What is needed
In your reply, repeat the full listing exactly and leave each picture out.

Data below
►

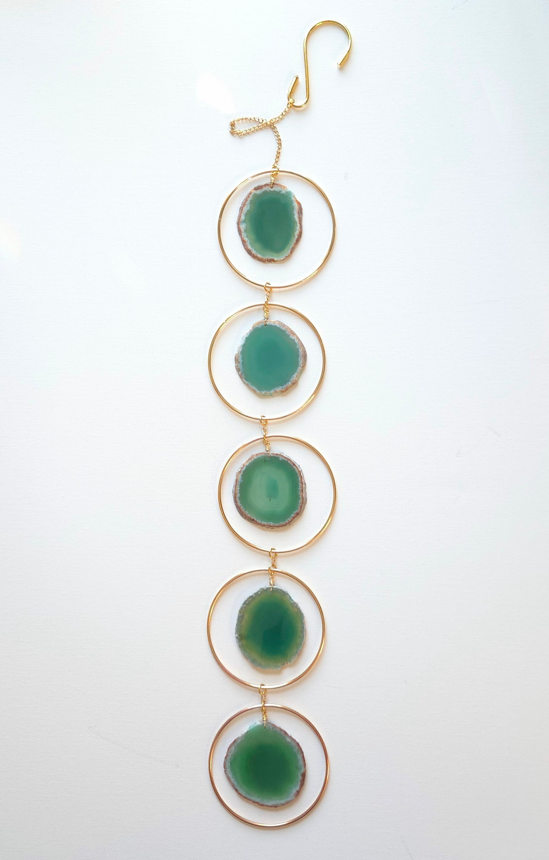 A collection of coordinating sliced agates encircled in decorative brass hoops. Please place in a South or West facing window for best results. Please keep out of the elements to prevent tarnish of metals.
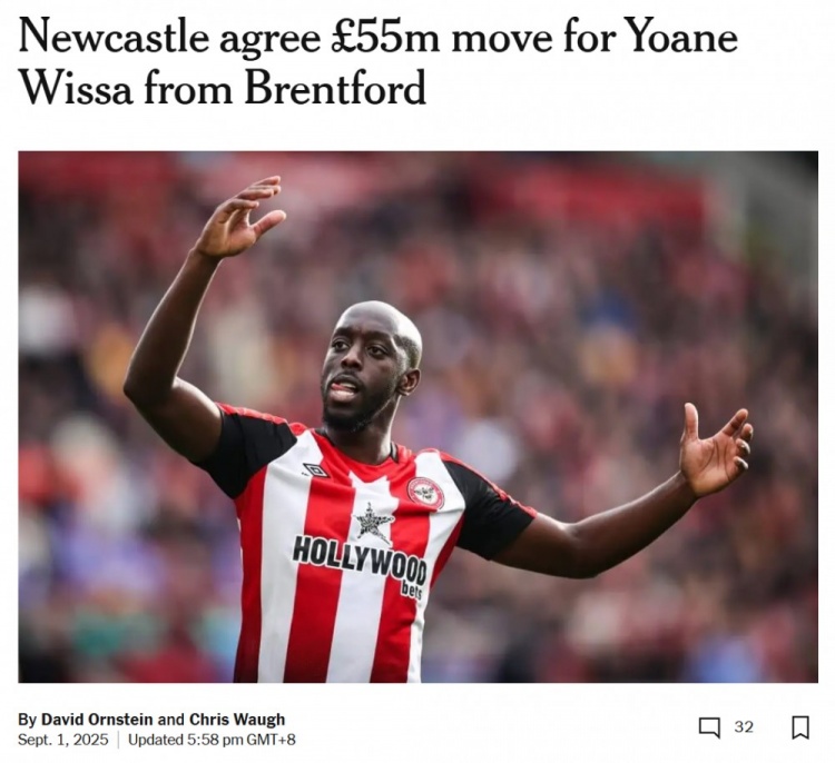 9月1日讯 TA记者大卫-奥恩斯坦报道,纽卡与布伦特福德就维萨的转会达成口头协议。
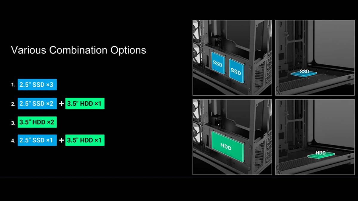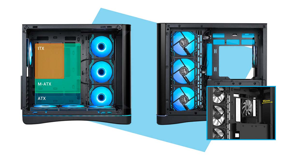 كما يوفر الصندوق مساحة 95 ملم لإدارة الكابلات خلف لوحة الأم، ما يسهل الحفاظ على مظهر داخلي نظيف ومنظم. ويدعم كذلك تركيب قرصي HDD وثلاث وحدات SSD لتوفير خيارات تخزين عملية دون إحداث فوضى داخل الهيكل.
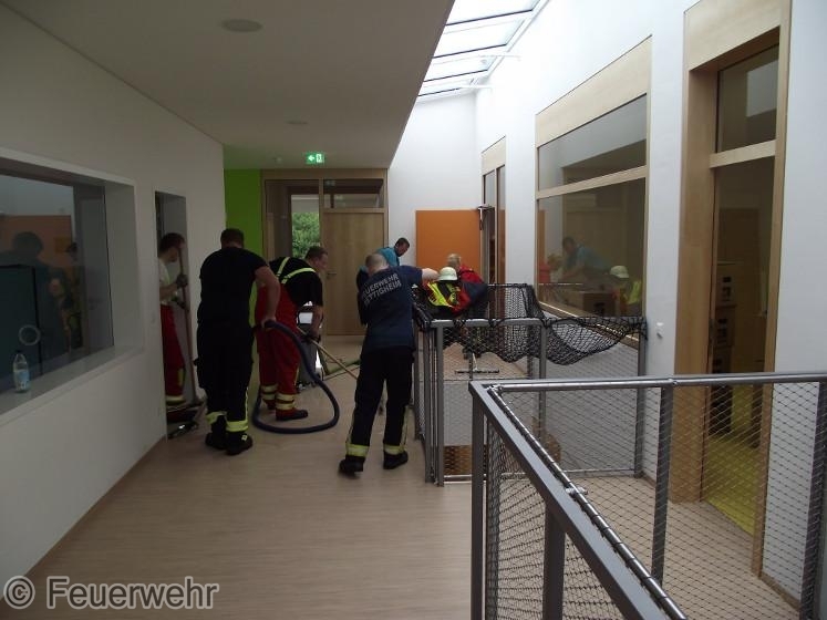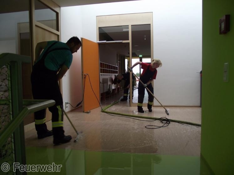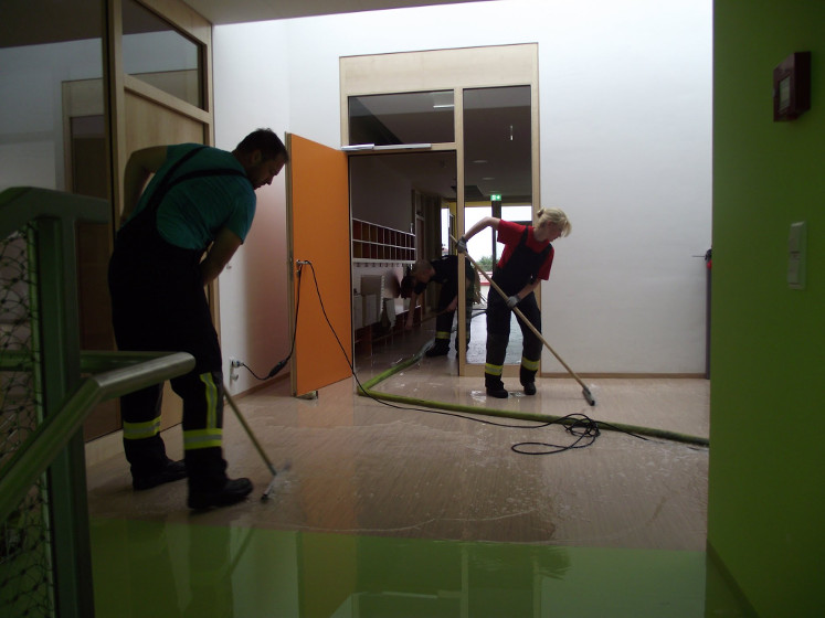 Das Wasser wurde mit Wassersauger entfernt und Teile der Einrichtung in die angrenzende Turnhalle gebracht.

◄

Result of this task
 A collection of coordinating sliced agates encircled in decorative brass hoops. Please place in a South or West facing window for best results. Please keep out of the elements to prevent tarnish of metals.
 9月1日讯 TA记者大卫-奥恩斯坦报道,纽卡与布伦特福德就维萨的转会达成口头协议。
 كما يوفر الصندوق مساحة 95 ملم لإدارة الكابلات خلف لوحة الأم، ما يسهل الحفاظ على مظهر داخلي نظيف ومنظم. ويدعم كذلك تركيب قرصي HDD وثلاث وحدات SSD لتوفير خيارات تخزين عملية دون إحداث فوضى داخل الهيكل.
 Das Wasser wurde mit Wassersauger entfernt und Teile der Einrichtung in die angrenzende Turnhalle gebracht.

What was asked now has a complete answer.